■ The records:
**********

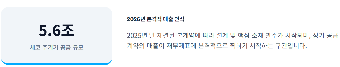 - 체코 원전 본계약: 2025년 말 체결된 체코 원전 본계약의 매출이 2026년부터 본격 반영됩니다.
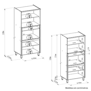 Dimensões: Altura: 230 cm Largura: 70 cm Profundidade: 52 cm Peso: 64,45 kg
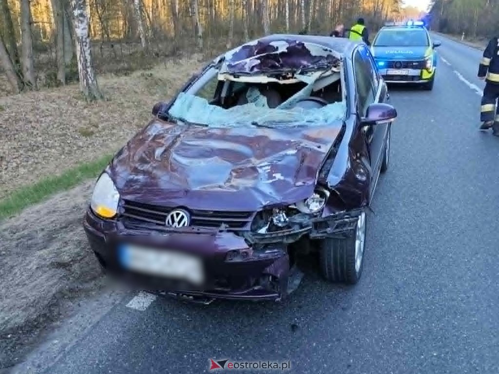 Do wypadku doszło w środę, 29 kwietnia, tuż przed godziną 6:00. Na trasie łączącej Ostrów Mazowiecką z Różanem, w okolicach miejscowości Czarnowo, pod koła nadjeżdżającego auta nagle wtargnęło dzikie zwierzę. Kierowca nie miał szans na uniknięcie kolizji.
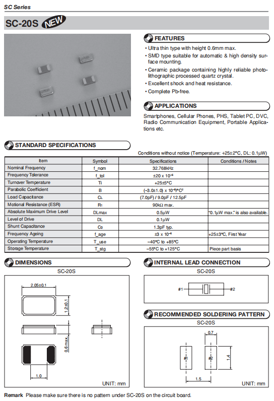 | Q-SC20S0322070CAAF | 精工晶振 | SC-20S | 32.768kHz | ±20ppm | ±20ppm | 7pF |
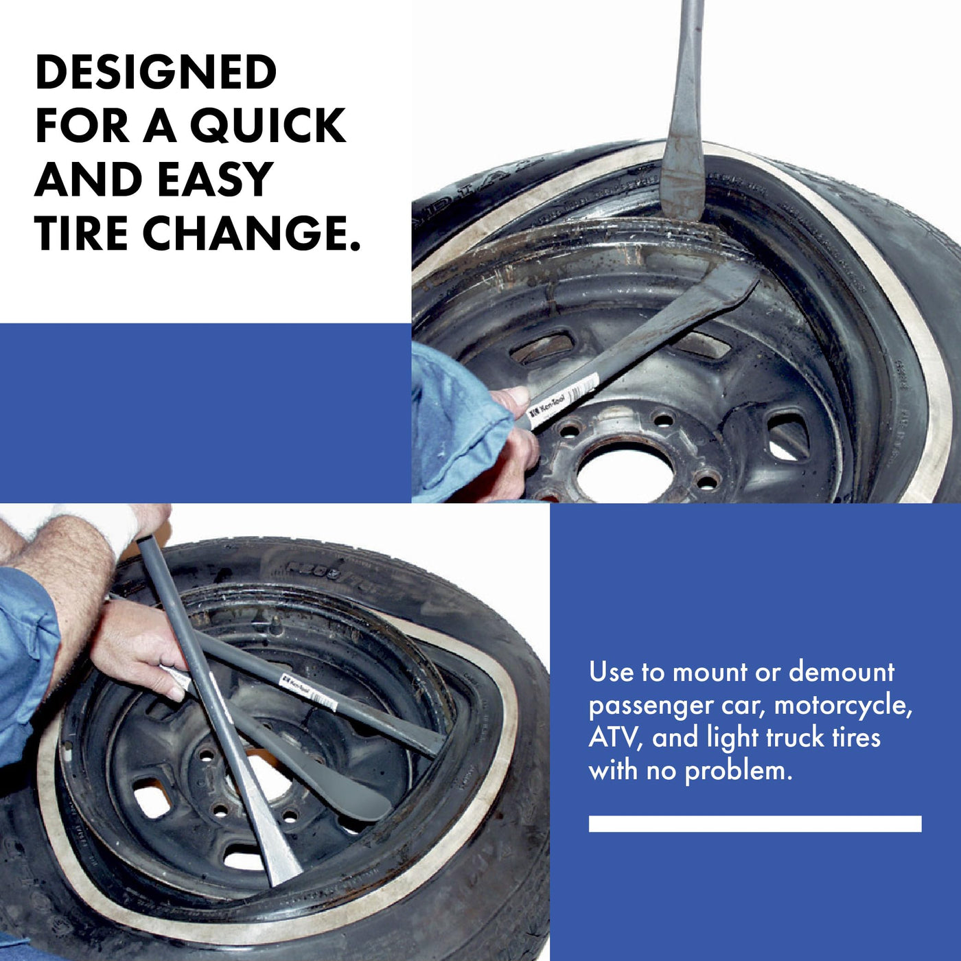Q: How does the curved design of the Ken-Tool spoon improve tire changing?A: The curved design of the Ken-Tool spoon allows for easier leverage and better control during the tire changing process, making it faster and more efficient to mount or demount tires.
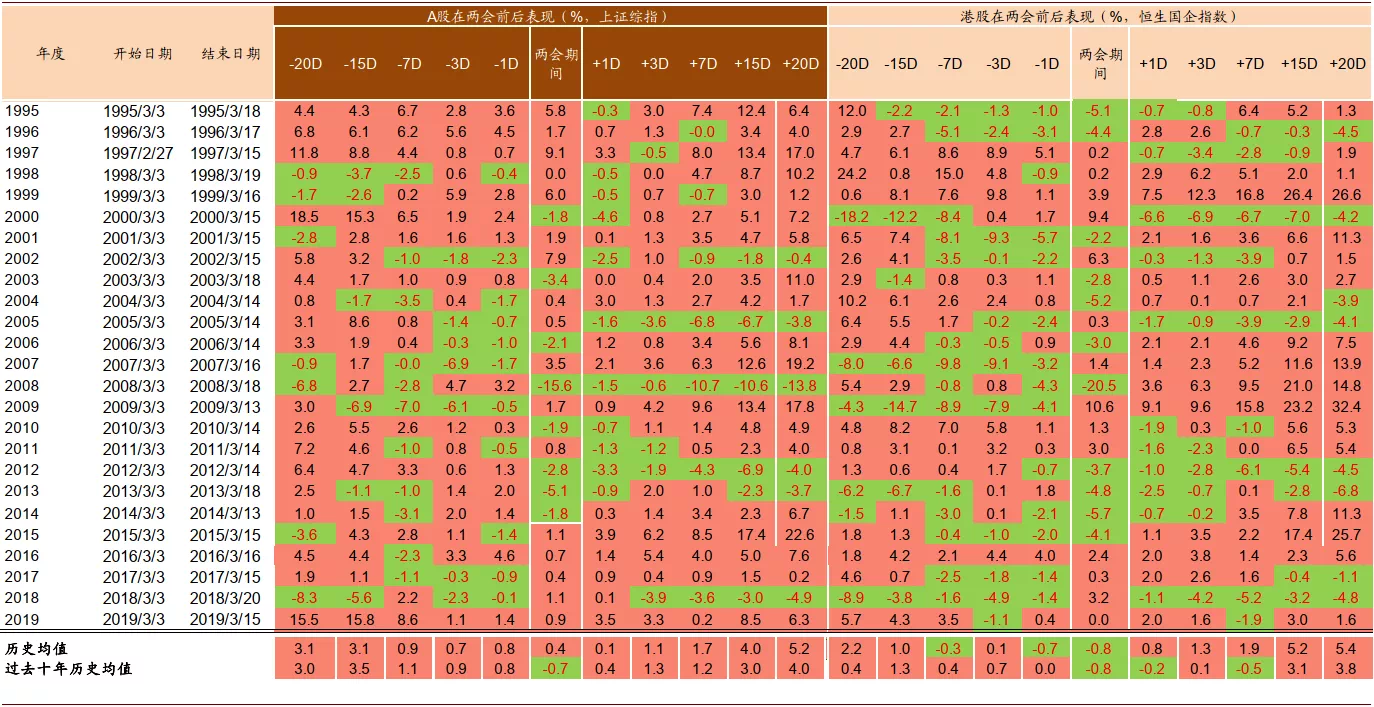 两会前后市场表现
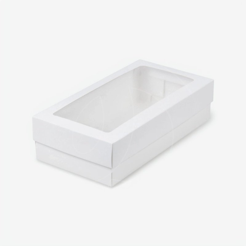 Коробка для макарон с окном и ложементом белая 21х11х5,5 см
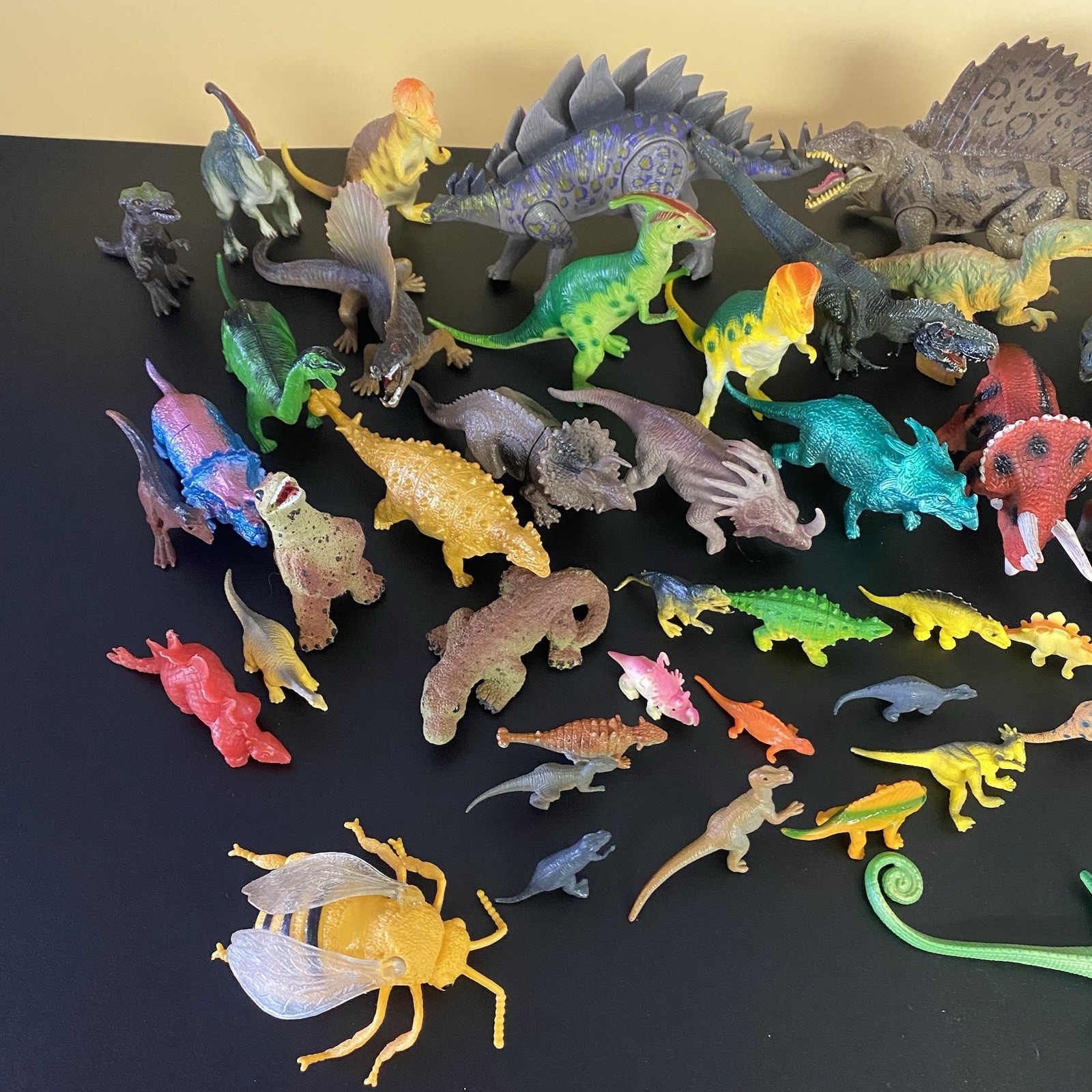 • Lot 60 Vintage Plastic Dinosaur Figures Mixed Prehistoric Toy Bundle Bulk
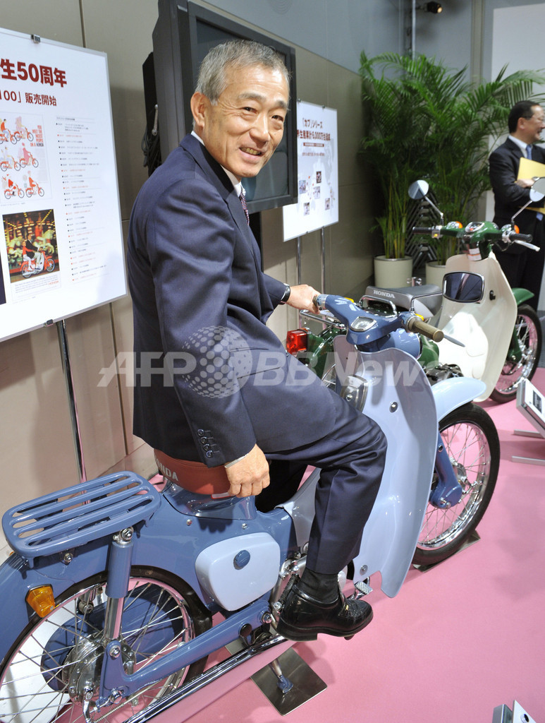 ニュース 政治・経済 ホンダの「スーパーカブ」、生産累計6000万台達成 2008年5月21日 18:59 発信地:東京 [ アジア・オセアニア 東京 ] このニュースをシェア ‹ › ❮ 4/5 ❯ 都内のホンダ(Honda Motor)本社で、記者会見を終えて初代スーパーカブに乗る福井威夫(Takeo Fukui)社長(2008年5月21日撮影)。(c)AFP/Yoshikazu TSUNO 画像作成中 ! 【5月21日 AFP】ホンダ(Honda Motor)の福井威夫(Takeo Fukui)社長は21日、都内のホンダ本社で記者会見を行い、二輪車スーパーカブ(Super Cub)シリーズが4月末で世界生産累計6000万台となったと発表した。また2009年に「新型ハイブリッド専用車」を発売し、全世界で年間20万台の販売を目指すとした。(c)AFP 政治・経済 一覧へ> メディア・報道関係・法人の方向け 写真・動画 購入のお問合せ>
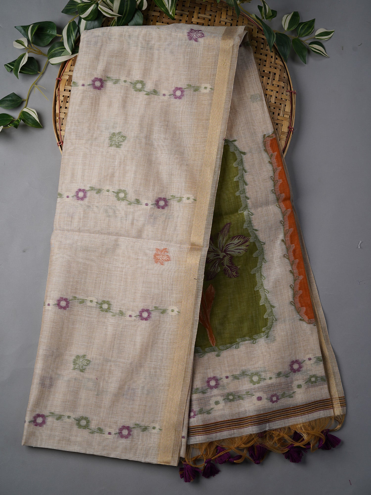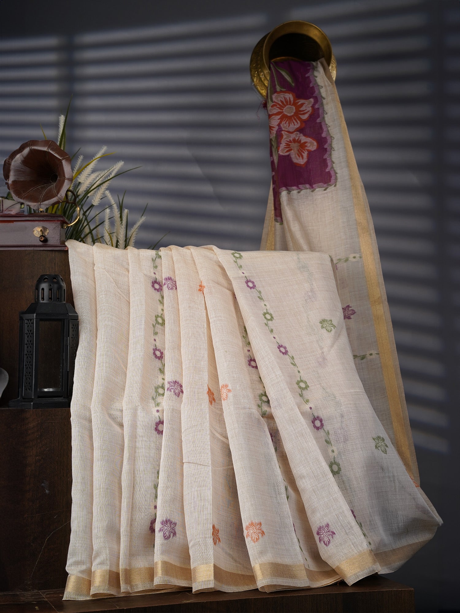 Kanchi Cotton Jamdani Weaving - Cream & Violet

**********

Using the records above, print exactly the lines between the ones containing "Dimensões: Altura: 230" and "Q: How does", inclusive, and nothing else; no pictures.

■ Solved exercise:
 Dimensões: Altura: 230 cm Largura: 70 cm Profundidade: 52 cm Peso: 64,45 kg
 Do wypadku doszło w środę, 29 kwietnia, tuż przed godziną 6:00. Na trasie łączącej Ostrów Mazowiecką z Różanem, w okolicach miejscowości Czarnowo, pod koła nadjeżdżającego auta nagle wtargnęło dzikie zwierzę. Kierowca nie miał szans na uniknięcie kolizji.
 | Q-SC20S0322070CAAF | 精工晶振 | SC-20S | 32.768kHz | ±20ppm | ±20ppm | 7pF |
Q: How does the curved design of the Ken-Tool spoon improve tire changing?A: The curved design of the Ken-Tool spoon allows for easier leverage and better control during the tire changing process, making it faster and more efficient to mount or demount tires.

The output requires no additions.